A principios de mayo, esta referencia había descendido a 60 dólares por barril, lo que facilitaba el cumplimiento del acuerdo. Se trataba de una caída del 17 por ciento en tan solo dos meses.
Sin embargo, las condiciones han cambiado radicalmente. Ayer por la tarde, el crudo tipo Brent se cotizaba en 76.5 dólares por barril, lo que representa un incremento del 27% respecto a los niveles de principios de mayo y de más del 6% en comparación con la fecha en que se suscribió el pacto con los gasolineros.
Lo más preocupante es que aún no sabemos cuál será la trayectoria de los precios en las próximas semanas o meses.
Si el conflicto entre Irán e Israel se contiene y se resuelve rápidamente, es probable que los precios del crudo no aumenten mucho más. Pero si el conflicto escala, los riesgos de una mayor alza son muy elevados.
En diversos escenarios, se contempla la posibilidad de que el precio del barril alcance o incluso supere los 100 dólares.
Cuando he compartido mis inquietudes sobre el impacto que este fenómeno podría tener en México con amigos en la Secretaría de Hacienda, me responden que el país cuenta con los llamados “estabilizadores automáticos”.
Aunque el término parece sacado de la aviación, se refiere a mecanismos económicos que tienden a compensar desequilibrios financieros.
En el caso mexicano, el argumento es que mayores precios del petróleo generarían ingresos extraordinarios para Pemex, lo que permitiría compensar los gastos adicionales por la importación de gasolinas y otros petrolíferos más caros.
Desde una perspectiva macroeconómica, no hay objeción al análisis de Hacienda. Pero el reto está en la implementación de estos mecanismos de equilibrio.
El funcionamiento sería el siguiente: si la tensión en Medio Oriente escala, Pemex u otras empresas importarían gasolinas a precios más altos.
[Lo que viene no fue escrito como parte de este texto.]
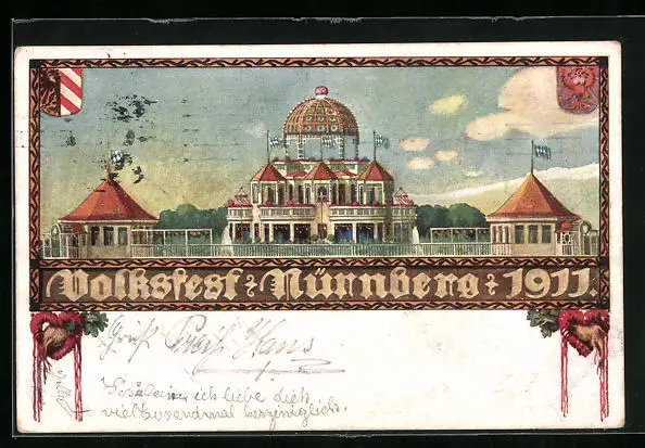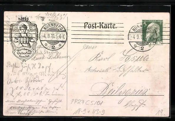 Künstler-AK Ganzsache Bayern PP27C5 /01, Nürnberg, Volksfest 1911

Así, las llamadas ventas de primera mano de Pemex o de otros importadores a los distribuidores implicarían precios más elevados.
El vendedor final —el gasolinero— tendría que trasladar ese aumento al consumidor, a menos que la Secretaría de Hacienda implemente un esquema de compensación vía IEPS.
Para ello se requeriría activar un IEPS negativo, mecanismo que se utilizó por última vez en octubre de 2022.
La otra alternativa del gobierno sería reflejar los mayores costos de importación directamente en los precios finales al consumidor, lo que implicaría superar claramente los 24 pesos por litro en la gasolina regular.
Sin duda, el mercado de las gasolinas es altamente complejo, y el gobierno tendrá que aplicar una estrategia quirúrgica si el conflicto militar se intensifica.
Aunque no es ningún consuelo, varios análisis advierten que, en un escenario extremo —con precios del crudo por encima de los 100 dólares por barril—, sería casi inevitable una recesión global. Esa situación reduciría la demanda de combustibles y, eventualmente, podría empujar los precios a la baja.
Sea cual sea el escenario, estamos inmersos en un entorno de gran incertidumbre que dificulta el desempeño del negocio de distribución de combustibles en México.